[AusNOG] Re: Satellite ISPs
Kai
vk6ksj at westnet.com.au
Sun Jun 3 15:47:47 EST 2007
Last year I was working for an organisation with nodes in remote and
hard to access places like Balgo (no, not Balga in Perth, I'm talking
Balg0, about 200k's South East of Halls Creek), Kupungarri, Billiluna,
Imintji, etc
They already had existing two way satellite services which were
expensive and of course high latency but I was asked to investigate and,
if practical, implement ISDN on those area's.
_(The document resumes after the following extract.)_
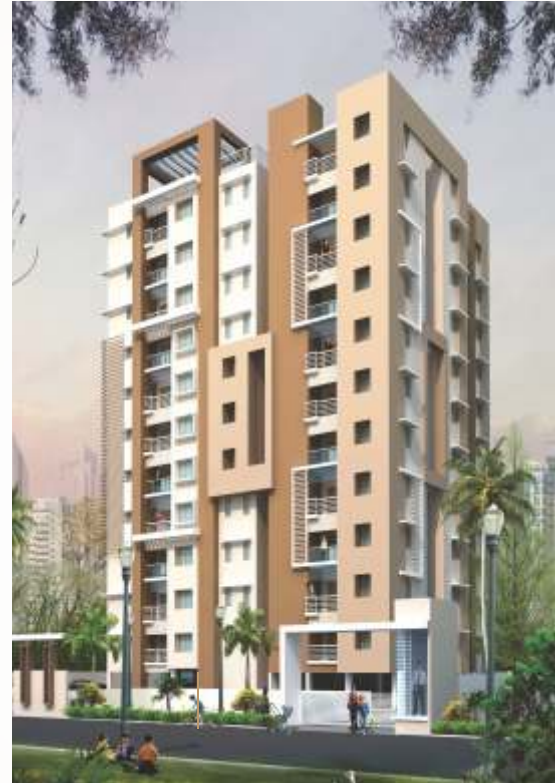
Nutech Sreenivas | Purasaiwalkam

The idea was of course to
use the reduced latency of ISDN to make our applications work better
when used over VPN, whilst also leaving the sallite available as a
fallback if the ISDN failed and or setting priorities so any traffic not
destined for the VPN would go over the higher latency satellite and
leave more room on the ISDN for the VPN traffic.
Being in the Kimberley, wet season monsoons can quickly wipe out a
satellite service for a few days, sometimes a week or so, but once the
clouds have cleared (or the cyclones have passed) there's also the
chance of local exchanges flooding or poorly insulated cables arcing and
all that, and yes it's expensive to have two services feeding the same
sites, redundancy is essential when travel time to those sites is at
least a day by car and there's no regular air services.
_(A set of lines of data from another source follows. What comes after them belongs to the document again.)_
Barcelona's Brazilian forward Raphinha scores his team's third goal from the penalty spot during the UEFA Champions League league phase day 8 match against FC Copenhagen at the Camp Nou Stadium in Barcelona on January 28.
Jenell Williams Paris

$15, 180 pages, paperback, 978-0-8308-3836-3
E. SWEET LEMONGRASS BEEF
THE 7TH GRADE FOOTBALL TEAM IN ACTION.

BigPond ISDN was the only option availabe and the set-up/installation
fees were not cheap, the download quota's are also extremely minimal and
of course the usual Telstra requirement of having all phone/data
services with Telstra.
eg
http://my.bigpond.com/internetplans/dialisdn/isdn_plans/default.jsp
has the requirement to be on BigPond Home
http://www.telstra.com.au/isdn/pricing.htm
I don't have all my research data with me from that project but you're
welcome to contact me off list with any questions.
Curtis Bayne wrote:
> Hey Edwin,
>
> Sorry for the late reply - but has your friend considered ISDN?
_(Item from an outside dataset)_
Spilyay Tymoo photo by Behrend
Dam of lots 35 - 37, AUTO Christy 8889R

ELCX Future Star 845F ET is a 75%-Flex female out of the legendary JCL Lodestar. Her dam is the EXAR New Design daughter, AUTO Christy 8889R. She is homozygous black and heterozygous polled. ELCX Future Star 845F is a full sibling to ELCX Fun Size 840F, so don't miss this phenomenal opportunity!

> Throughput may not be quite as good, but it may be the only alternative
> for latency sensitive applications. You'll find that latency
> on satellite is usually around the ~700-800ms mark, weather and location
> permitting.
>
> Curtis
>
>
> On 03/06/2007, at 12:55 PM, Edwin Groothuis wrote:
>
>> Thanks to all who replied. Much appreciated by my friend, and I've
>> learned quite some about what the possibilities are.